Solved the puzzle with no idea of what the theme could be, especially since I thought that X-SHAPED was somehow involved. Had a few satisfied AAHS when I got to the revealer. Learned how to spell MNEMONIC along the way.

Only in the crossword world does AWOL and DIN come in plural form. “Several DINS could be heard from the scrum of AWOLS battling the MUDFLOW,” said no one ever.

Anonymous 11:18 AM  

Can someone tell me the difference between an ICE BERG and an ICE FLOE?

Masked and Anonymous 11:26 AM  

@RP: Neat NZ pics.

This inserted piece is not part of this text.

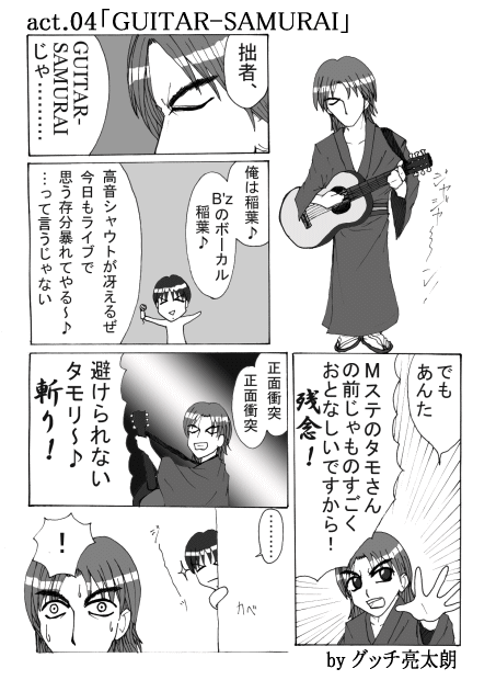| ■製作:2004年11月 お笑い芸人系ネタ第2弾。(笑) 今度は松本さんが今話題の「ギター侍」こと波田陽区のまねをしております。 これも前々から描きたかったネタで、波田陽区が売れてきたんでいける!って思って描きました。 「〜言うじゃない」「残念!」「○○斬り!」が彼の得意文句。 しかしこれも前作同様芸人を知っていないとわからないネタですね。(汗) 一応前作から続いている感があります。 前作で稲葉さんのヒロシネタを却下しておきながら密かに自分も芸人ネタの練習をしていた松本さんの図です。 最後の稲葉さんは「ずるいよ、松本さん」って訴えるような感じで…家政婦は見た的なシュチュエーションですか。(笑) 自分の中のギター侍は松本さんですよ、やっぱ。 |

Have never been there, and would like to see more of it. Have a smooth trip home. Acrosses only, no downs, sorta.

@NYDenizen: HOW=3 (in length), I=1 (in length), WISH=4 (in length), etc. "How I wish" =3.14 is about as far as M&A usually gets, without mnemonic hints.

fave moo-cow eazy-E MonPuz clue: {"___ upon a time…"} = ONCE.
staff weeject pick: SHH. Cousin of AAHS. Is there a Wizard of Aahs somewhere, officially makin this stuff up?

fave stuff definitely included: MUDFLOW. MNEMONIC and clue. ANTITOXIN. ROCKOPERA. XSHAPED. ZINC. STRAP on a watch puztheme-cousin-clue.

Nice, basic MonPuz theme. Quick solvequest, if U do both Acrosses and Downs. M&A is a witness.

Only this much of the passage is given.